• REQUIRED WORK:
The answer must be an exact printing of every record below, with the pictures omitted.

• RECORDS SHOWN:
--*--
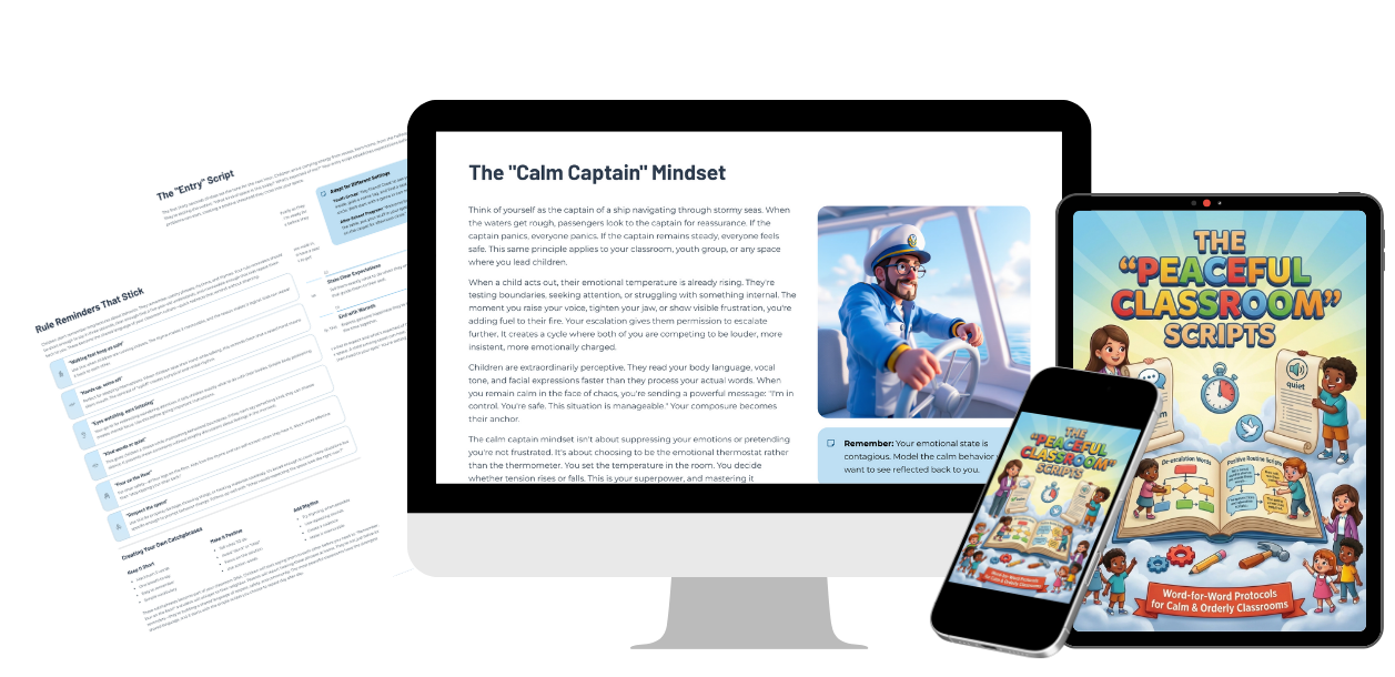 Management & Positive Discipline. Word-for-word scripts for discipline without anger. The exact phrases to say to the child who interrupts, the child who won’t sit still, and the child who is crying. Restore order with grace, instantly.
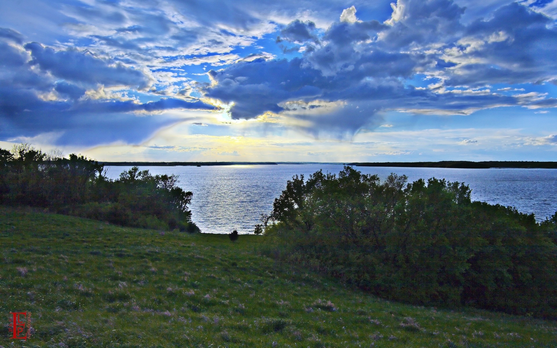 Tramonto tra le nuvole sopra il lago vista dalla collina
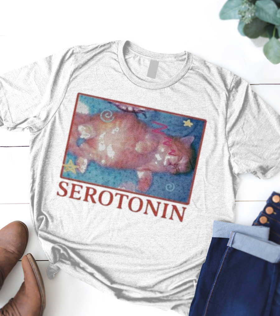 K45ink Serotonin Cat With Stars And Spirals T-Shirt
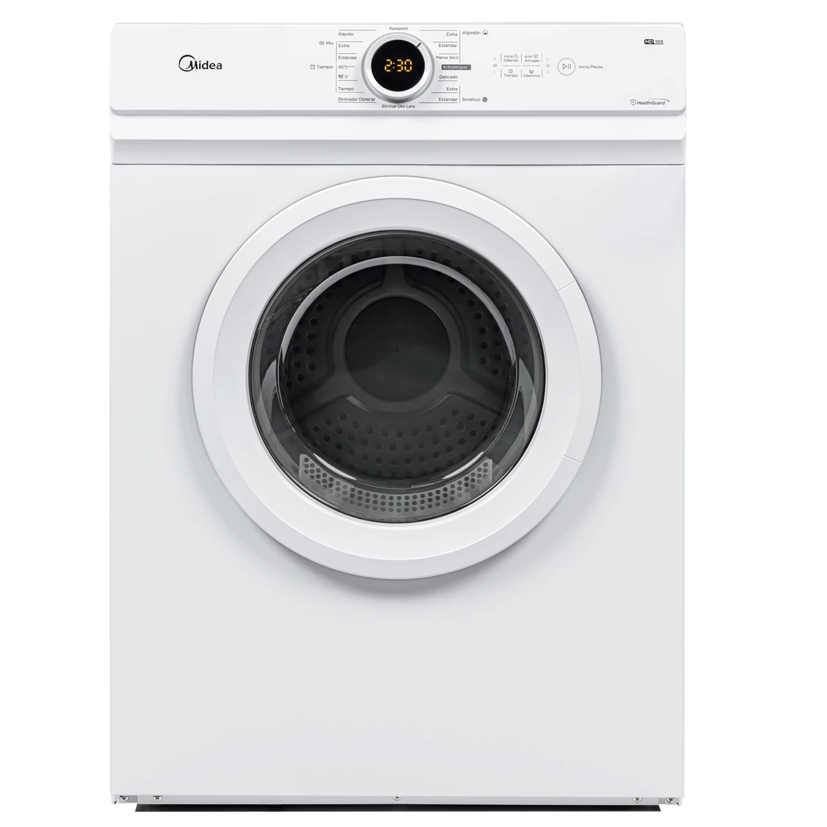 La secadora Midea tiene un diseño innovador y elegante que facilita su uso y mejora su experiencia. Con el Display Lunar, puede ver todos los programas y opciones en un solo lugar. Con el programa Hygiene Dry, puede esterilizar su ropa después del secado, manteniendo el tambor a alta temperatura durante más de 30 minutos. Con el programa Refrescar, puede eliminar los olores no deseados de su ropa, como el de la cocina, el moho o el cigarro. Con la función Anti Arrugas, puede evitar que su ropa se arrugue si se le olvida sacarla del tambor, ya que este se gira cada 10 minutos durante 2 horas. Con el programa Secado Rápido, puede secar cargas pequeñas en menos de 40 minutos cuando tenga prisa. Y con la ventilación fuerte, puede asegurarse de que su ropa quede seca y fresca en cada ciclo.
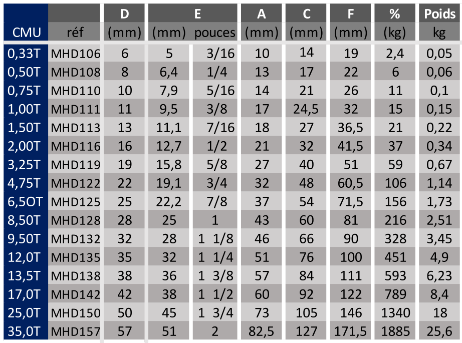 Variante CMU Ø (en mm) Poids Prix HT
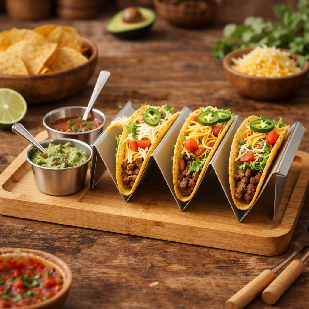 Deze serveerset brengt de gezelligheid van streetfood rechtstreeks naar je eettafel. De set bestaat uit een bamboe plank met een metalen taco houder, waarmee je o.a. taco’s stevig en overzichtelijk presenteert. Twee kleine metalen schaaltjes bieden ruimte voor salsa, saus of andere toppings. Perfect voor een feestelijke avond met vrienden of een kleurrijk diner thuis.
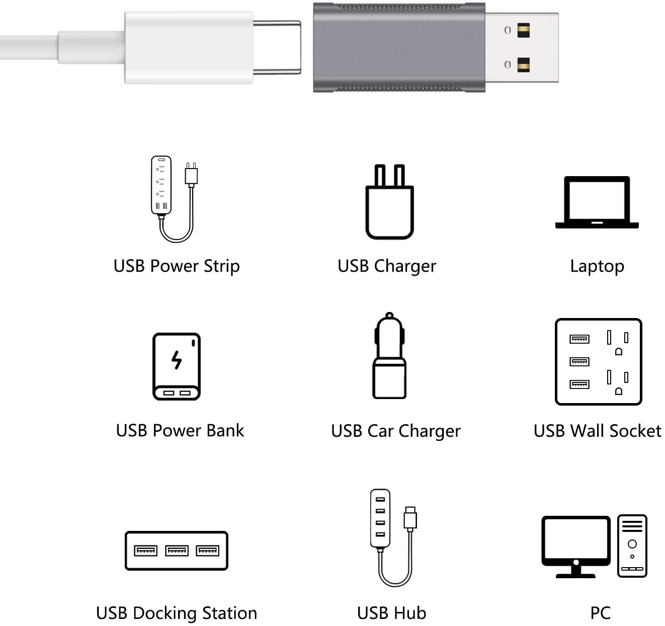 Compatible with a wall charger, docking station, power bank, car charger with USB-A port.
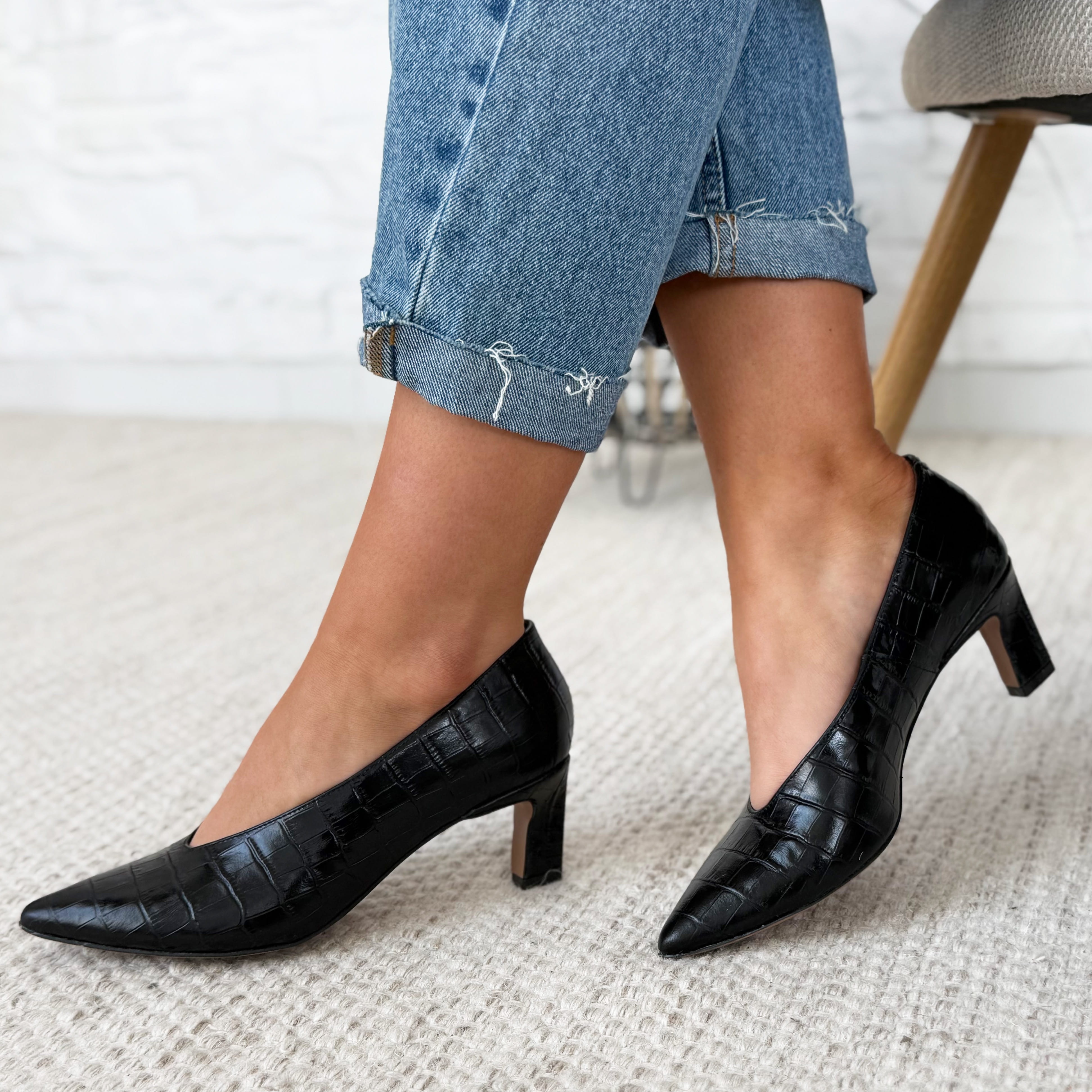Czarne skórzane klasyczne czółenka na 6 cm obcasie typu kaczuszka. Obuwie wykonano ze skóry naturalnej imitującej skórę krokodyla. Przód buta w szpic. Obuwie wyróżnia się estetycznie wyciętą cholewką, która dodaje elegancji. Tęgość czółenek standardowa. Wkładka wykonana jest ze skóry naturalnej. Czółenka sprawdzą się na każdą okazję. Wymiary podawane na kartach produktów to wymiary orientacyjne i odnoszą się do rozmiaru 37.
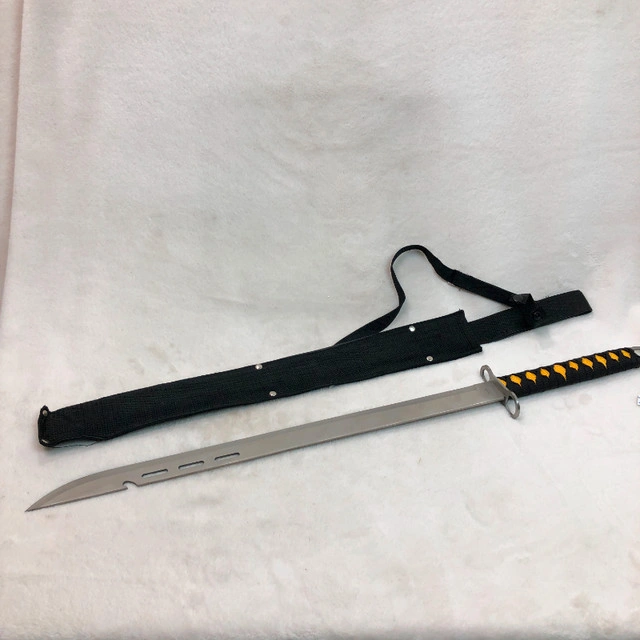 Available for pick-up in SW Airdrie or Inglewood SE Calgary on weekdays. The Sekizo Sword 26" Machete Knife is a stunning piece with a stainless steel blade featuring a straight edge. This single-handed sword is designed for display and decorative purposes. The black handle complements the sleek Japanese style, perfect for collectors or enthusiasts of Asian weaponry. Made with high-quality materials, this original reproduction brings a touch of the samurai theme to your collection. This sword is crafted with precision and attention to detail, embodying the essence of traditional sword-making. Ideal for those who appreciate the artistry and history of Asian culture, this Sekizo Sword is a must-have for any sword enthusiast.
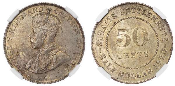 Straits Settlements, British Colonial. George V AR 50 Cents. 1920.
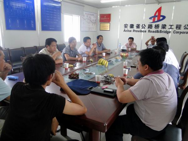 檢查組一行首先來到項目部召開會議聽取我部工作匯報,并進行內業資料檢查。項目經理王遠勝向檢查組一行匯報了我部抗擊715洪災和災后重建工作開展情況??偣顷痪臀也繕蛄菏┕べ|量控制體系、流程和施工進度進行匯報。試驗室、質檢部分別向檢查組匯報了我部試驗工作、質量控制和內業資料完善等情況。
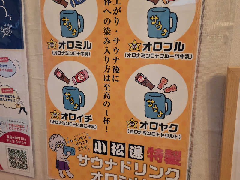 一言:今日は天気も良く、仲見世通りの暖暮で腹ごしらえしてからの小松湯までウォーキング。小便小僧のお出迎えを受けるとワクワクします。まずは身体を清めてから、ガリウム石温浴泉で身体を温めてからのストロングなサ室へ。おっと、第一セットから上段しか空いてないとは、冗談じゃないよー。と心の中で叫びながら、上段へ。大魔王ヤカンとにらみ合いしながらも、6分でギブ。水風呂は今日もキンキンで30秒でアウト。脱衣場の椅子に座ったら、生きてる実感が身体の中から湧き出てきて、気持ちいー。意識が飛びそうになりました。こちらに来たら週刊マガジンを読むのも楽しみ。休憩の合間にマガジン読みつつ、4セット。今日は寝風呂もミントな感じで気持ち良くて、すごく良いサウナでした。風呂上がりには気になっていたオロヤクで水分補給。いや~来週も頑張れそうだ!
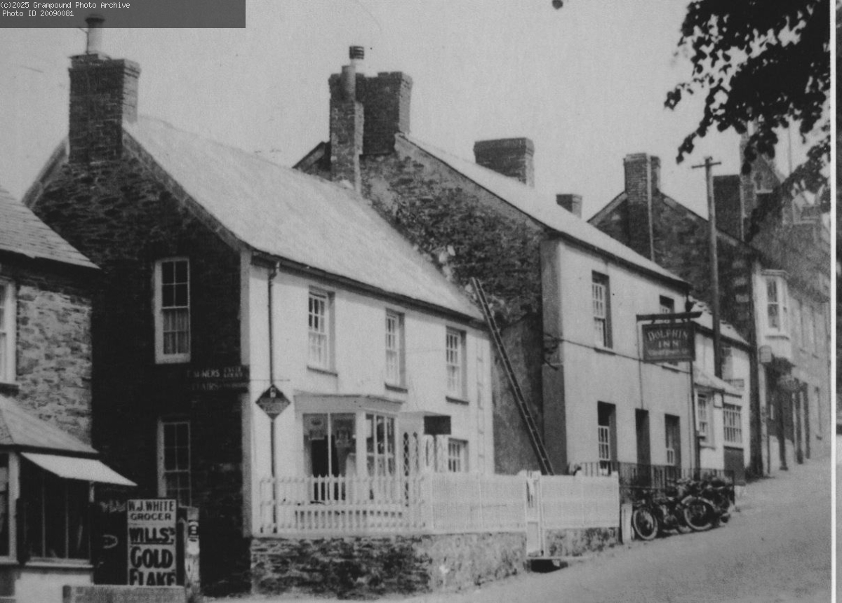 Fore Street showing the Dolphin Inn; the shop uphill from the Dolphin was also a General Store run by Mrs Osborne. Her son, John Osborne, had a coal round and his yard was located on the site now occupied by the closed petrol station near to the bridge. This photograph was probably taken during World War 2.
--*--
• TASK SOLUTION:
 Management & Positive Discipline. Word-for-word scripts for discipline without anger. The exact phrases to say to the child who interrupts, the child who won’t sit still, and the child who is crying. Restore order with grace, instantly.
 Tramonto tra le nuvole sopra il lago vista dalla collina
 K45ink Serotonin Cat With Stars And Spirals T-Shirt
 La secadora Midea tiene un diseño innovador y elegante que facilita su uso y mejora su experiencia. Con el Display Lunar, puede ver todos los programas y opciones en un solo lugar. Con el programa Hygiene Dry, puede esterilizar su ropa después del secado, manteniendo el tambor a alta temperatura durante más de 30 minutos. Con el programa Refrescar, puede eliminar los olores no deseados de su ropa, como el de la cocina, el moho o el cigarro. Con la función Anti Arrugas, puede evitar que su ropa se arrugue si se le olvida sacarla del tambor, ya que este se gira cada 10 minutos durante 2 horas. Con el programa Secado Rápido, puede secar cargas pequeñas en menos de 40 minutos cuando tenga prisa. Y con la ventilación fuerte, puede asegurarse de que su ropa quede seca y fresca en cada ciclo.
 Variante CMU Ø (en mm) Poids Prix HT
 Deze serveerset brengt de gezelligheid van streetfood rechtstreeks naar je eettafel. De set bestaat uit een bamboe plank met een metalen taco houder, waarmee je o.a. taco’s stevig en overzichtelijk presenteert. Twee kleine metalen schaaltjes bieden ruimte voor salsa, saus of andere toppings. Perfect voor een feestelijke avond met vrienden of een kleurrijk diner thuis.
 Compatible with a wall charger, docking station, power bank, car charger with USB-A port.
Czarne skórzane klasyczne czółenka na 6 cm obcasie typu kaczuszka. Obuwie wykonano ze skóry naturalnej imitującej skórę krokodyla. Przód buta w szpic. Obuwie wyróżnia się estetycznie wyciętą cholewką, która dodaje elegancji. Tęgość czółenek standardowa. Wkładka wykonana jest ze skóry naturalnej. Czółenka sprawdzą się na każdą okazję. Wymiary podawane na kartach produktów to wymiary orientacyjne i odnoszą się do rozmiaru 37.
 Available for pick-up in SW Airdrie or Inglewood SE Calgary on weekdays. The Sekizo Sword 26" Machete Knife is a stunning piece with a stainless steel blade featuring a straight edge. This single-handed sword is designed for display and decorative purposes. The black handle complements the sleek Japanese style, perfect for collectors or enthusiasts of Asian weaponry. Made with high-quality materials, this original reproduction brings a touch of the samurai theme to your collection. This sword is crafted with precision and attention to detail, embodying the essence of traditional sword-making. Ideal for those who appreciate the artistry and history of Asian culture, this Sekizo Sword is a must-have for any sword enthusiast.
 Straits Settlements, British Colonial. George V AR 50 Cents. 1920.
 檢查組一行首先來到項目部召開會議聽取我部工作匯報,并進行內業資料檢查。項目經理王遠勝向檢查組一行匯報了我部抗擊715洪災和災后重建工作開展情況??偣顷痪臀也繕蛄菏┕べ|量控制體系、流程和施工進度進行匯報。試驗室、質檢部分別向檢查組匯報了我部試驗工作、質量控制和內業資料完善等情況。
 一言:今日は天気も良く、仲見世通りの暖暮で腹ごしらえしてからの小松湯までウォーキング。小便小僧のお出迎えを受けるとワクワクします。まずは身体を清めてから、ガリウム石温浴泉で身体を温めてからのストロングなサ室へ。おっと、第一セットから上段しか空いてないとは、冗談じゃないよー。と心の中で叫びながら、上段へ。大魔王ヤカンとにらみ合いしながらも、6分でギブ。水風呂は今日もキンキンで30秒でアウト。脱衣場の椅子に座ったら、生きてる実感が身体の中から湧き出てきて、気持ちいー。意識が飛びそうになりました。こちらに来たら週刊マガジンを読むのも楽しみ。休憩の合間にマガジン読みつつ、4セット。今日は寝風呂もミントな感じで気持ち良くて、すごく良いサウナでした。風呂上がりには気になっていたオロヤクで水分補給。いや~来週も頑張れそうだ!
 Fore Street showing the Dolphin Inn; the shop uphill from the Dolphin was also a General Store run by Mrs Osborne. Her son, John Osborne, had a coal round and his yard was located on the site now occupied by the closed petrol station near to the bridge. This photograph was probably taken during World War 2.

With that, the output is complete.